Exercise prompt =
Look through the data below for the line with "Холм Монмартр венчает" and the line with "- High Load", then output those two and all lines in between, exactly as written.

Supplied material =
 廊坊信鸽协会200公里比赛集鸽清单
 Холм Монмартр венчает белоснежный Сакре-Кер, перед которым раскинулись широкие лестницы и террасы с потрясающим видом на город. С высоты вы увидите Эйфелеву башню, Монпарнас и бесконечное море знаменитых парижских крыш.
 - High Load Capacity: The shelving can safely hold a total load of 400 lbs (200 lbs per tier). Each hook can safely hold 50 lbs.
==
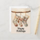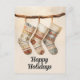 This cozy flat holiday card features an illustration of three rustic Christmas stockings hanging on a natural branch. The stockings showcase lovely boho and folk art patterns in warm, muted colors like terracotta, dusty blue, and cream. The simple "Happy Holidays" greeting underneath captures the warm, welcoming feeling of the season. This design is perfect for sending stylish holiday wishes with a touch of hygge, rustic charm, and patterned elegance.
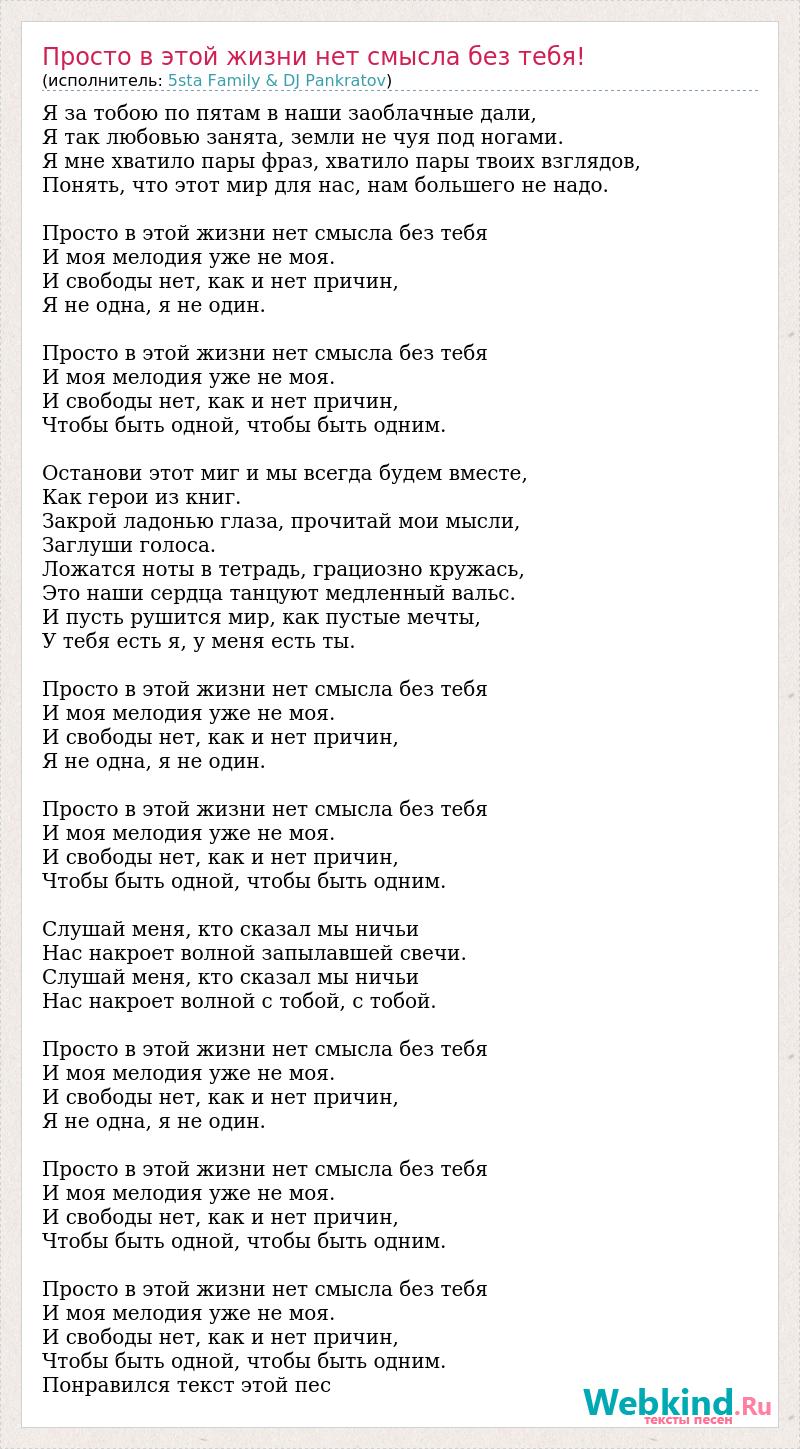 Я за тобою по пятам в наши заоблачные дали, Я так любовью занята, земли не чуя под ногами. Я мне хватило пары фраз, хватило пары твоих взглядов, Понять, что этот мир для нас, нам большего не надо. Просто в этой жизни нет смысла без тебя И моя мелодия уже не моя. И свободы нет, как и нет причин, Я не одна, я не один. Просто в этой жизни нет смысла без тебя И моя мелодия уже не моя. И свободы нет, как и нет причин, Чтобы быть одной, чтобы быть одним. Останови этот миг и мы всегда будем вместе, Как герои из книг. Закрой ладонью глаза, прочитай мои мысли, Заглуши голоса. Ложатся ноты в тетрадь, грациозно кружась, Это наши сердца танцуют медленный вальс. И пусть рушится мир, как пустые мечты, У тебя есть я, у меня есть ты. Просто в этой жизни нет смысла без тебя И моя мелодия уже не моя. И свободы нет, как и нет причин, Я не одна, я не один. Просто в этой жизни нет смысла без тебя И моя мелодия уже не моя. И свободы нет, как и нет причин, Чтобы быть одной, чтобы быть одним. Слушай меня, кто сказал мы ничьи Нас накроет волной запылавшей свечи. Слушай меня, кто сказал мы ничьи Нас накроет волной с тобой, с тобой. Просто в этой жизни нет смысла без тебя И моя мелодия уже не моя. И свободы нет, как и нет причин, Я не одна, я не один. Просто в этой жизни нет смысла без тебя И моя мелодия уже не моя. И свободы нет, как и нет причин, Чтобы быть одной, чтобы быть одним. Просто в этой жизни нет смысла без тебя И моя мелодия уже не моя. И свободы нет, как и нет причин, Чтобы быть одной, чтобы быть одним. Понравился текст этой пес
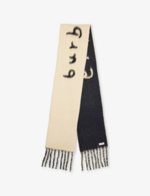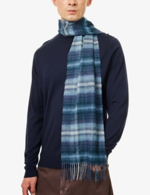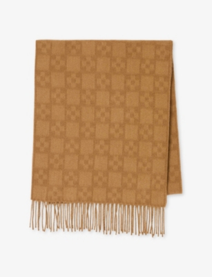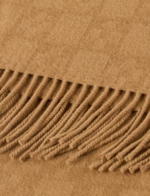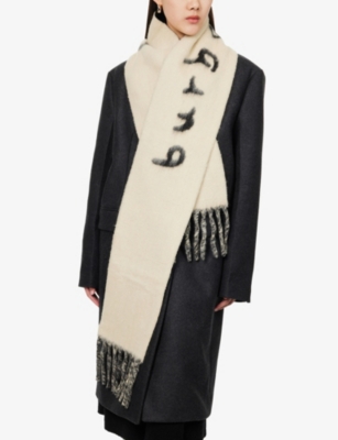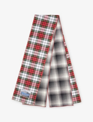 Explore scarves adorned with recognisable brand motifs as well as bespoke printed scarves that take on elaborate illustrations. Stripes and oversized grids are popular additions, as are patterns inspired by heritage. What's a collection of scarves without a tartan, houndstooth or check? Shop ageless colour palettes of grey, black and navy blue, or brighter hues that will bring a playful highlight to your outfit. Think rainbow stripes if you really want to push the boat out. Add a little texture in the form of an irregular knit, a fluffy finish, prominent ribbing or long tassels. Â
==
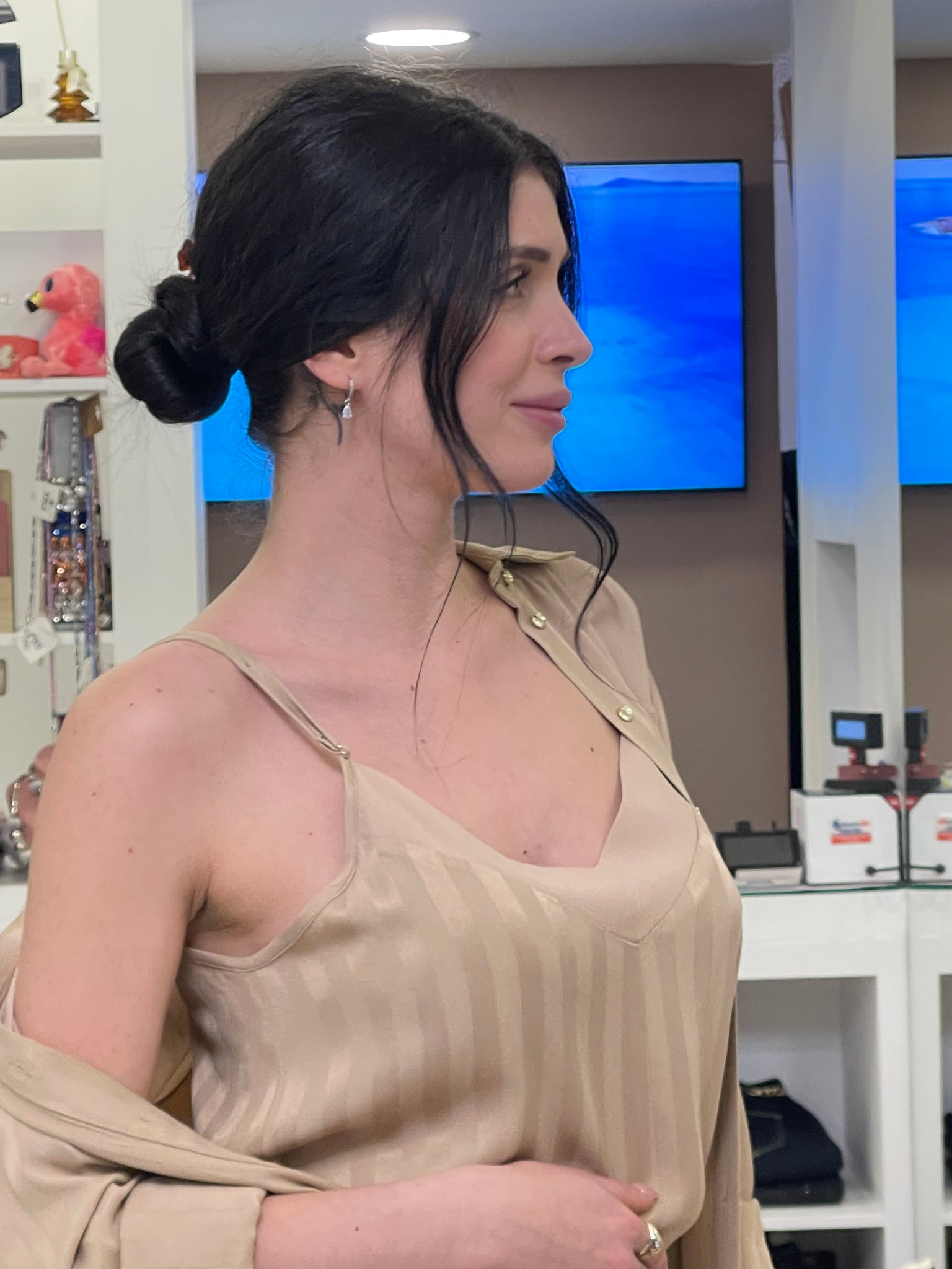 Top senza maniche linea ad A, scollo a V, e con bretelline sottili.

Finished task =
 Холм Монмартр венчает белоснежный Сакре-Кер, перед которым раскинулись широкие лестницы и террасы с потрясающим видом на город. С высоты вы увидите Эйфелеву башню, Монпарнас и бесконечное море знаменитых парижских крыш.
 - High Load Capacity: The shelving can safely hold a total load of 400 lbs (200 lbs per tier). Each hook can safely hold 50 lbs.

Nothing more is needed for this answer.